After-sales and support is where generative AI has some of its clearest, best-measured evidence — not from a vendor deck, but from peer-reviewed economics. If you run a service team, this is one of the highest-confidence places to deploy AI today.
The evidence: a real study, not a demo
In Generative AI at Work, economists Erik Brynjolfsson (Stanford), Danielle Li (MIT) and Lindsey Raymond studied 5,179 customer-support agents given access to an AI assistant. The findings, published through NBER and later in the Quarterly Journal of Economics:
- Productivity rose 14% on average, measured as issues resolved per hour.
- The gain was largest — about 34% — for novice and lower-skilled agents, while top performers changed little. AI effectively spread the tacit knowledge of the best agents to everyone else.
- It also improved customer sentiment, reduced requests for escalation, and was associated with higher employee retention.
Why RAG is the right architecture
A generic chatbot will confidently invent answers about your products. Retrieval-Augmented Generation (RAG) fixes this by grounding the model in your actual knowledge — manuals, past tickets, policies. The model retrieves the relevant documents first, then answers from them, with citations. You get the fluency of an LLM with answers tied to your source of truth.
The playbook
- Curate the knowledge base. The copilot is only as good as what it can retrieve. Consolidate manuals, resolved tickets, and policies; prune the contradictory and out-of-date. (This is the data-quality step again — it never goes away.)

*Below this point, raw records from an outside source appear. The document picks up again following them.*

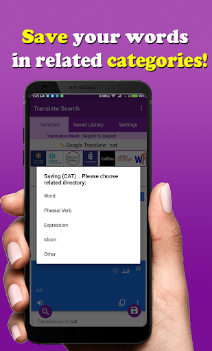 Search words and phrases in multiple English dictionaries online, and save important words, phrasal verbs, idioms, expressions and any other word or phrase you need in relevant section. Also, you can save the meaning in your "native" language to revise them whenever you want.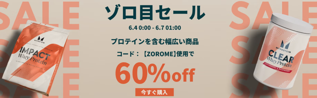 このセールでは、プロテイン類は50〜51%OFF、『Impact ホエイ EAA』は64〜67%OFFで購入できるというもの。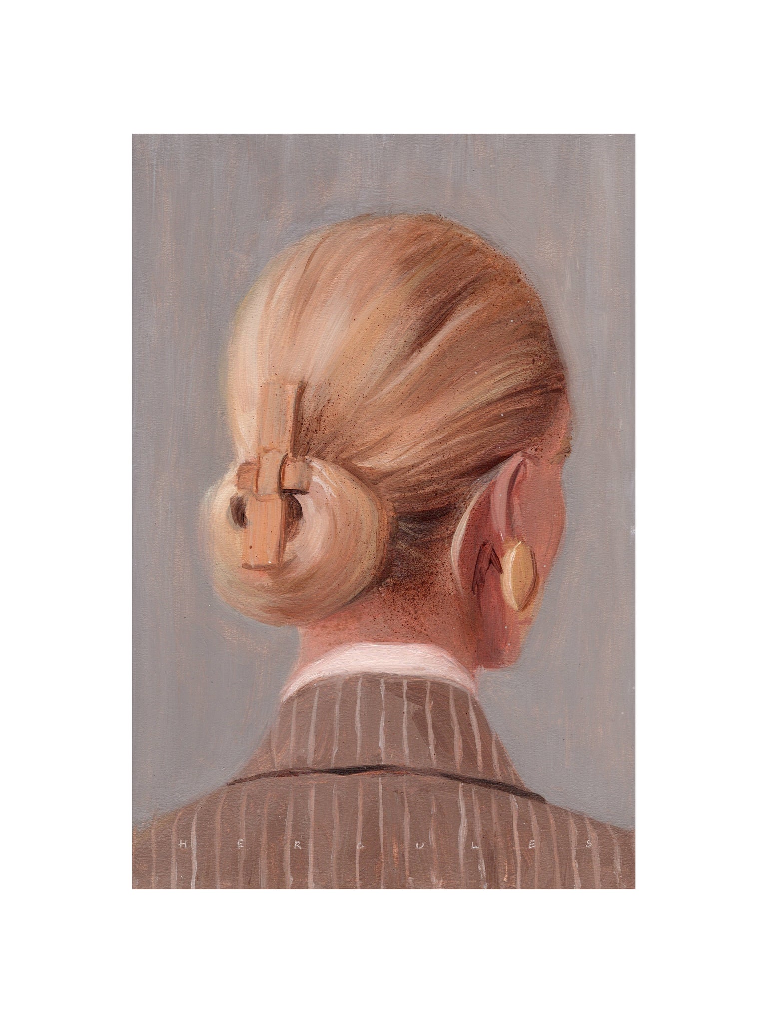 Discover quiet elegance with The Bun, a 12"x16" oil painting print by contemporary artist Hercules. This refined portrait shows the back of a woman with her blonde hair neatly tied into a bun and secured with a clip, paired with golden earrings and a striped suit. The piece captures sophistication and subtle strength through detail and texture.

- Ground every answer. Use retrieval so responses cite their source. Agents trust — and verify — answers far more when they can see where they came from.
- Keep a human in the loop. The biggest wins came from assisting agents, not replacing them. Surface suggested replies the agent approves or edits.

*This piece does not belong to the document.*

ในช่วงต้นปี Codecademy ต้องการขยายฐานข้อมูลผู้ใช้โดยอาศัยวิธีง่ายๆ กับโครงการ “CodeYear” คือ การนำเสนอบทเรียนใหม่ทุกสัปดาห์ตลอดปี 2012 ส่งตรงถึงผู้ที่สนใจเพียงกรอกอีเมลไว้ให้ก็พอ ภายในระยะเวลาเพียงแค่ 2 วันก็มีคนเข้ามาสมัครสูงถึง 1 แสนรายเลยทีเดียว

- Target novices first. Because the largest gains accrue to newer staff, onboarding and tier-1 support are the highest-ROI place to start.
- Measure resolution per hour and sentiment. Use the same metrics the study did, so your business case is grounded in real numbers.
- Close the learning loop. Feed approved answers back into the knowledge base so the system compounds over time.
What to expect
Done well, a grounded service copilot shortens handle time, lifts first-contact resolution, and flattens the long ramp new agents usually need. The Brynjolfsson study is your benchmark: a double-digit productivity lift is a realistic target, concentrated where your team is least experienced — which is exactly where support costs and customer frustration usually concentrate too.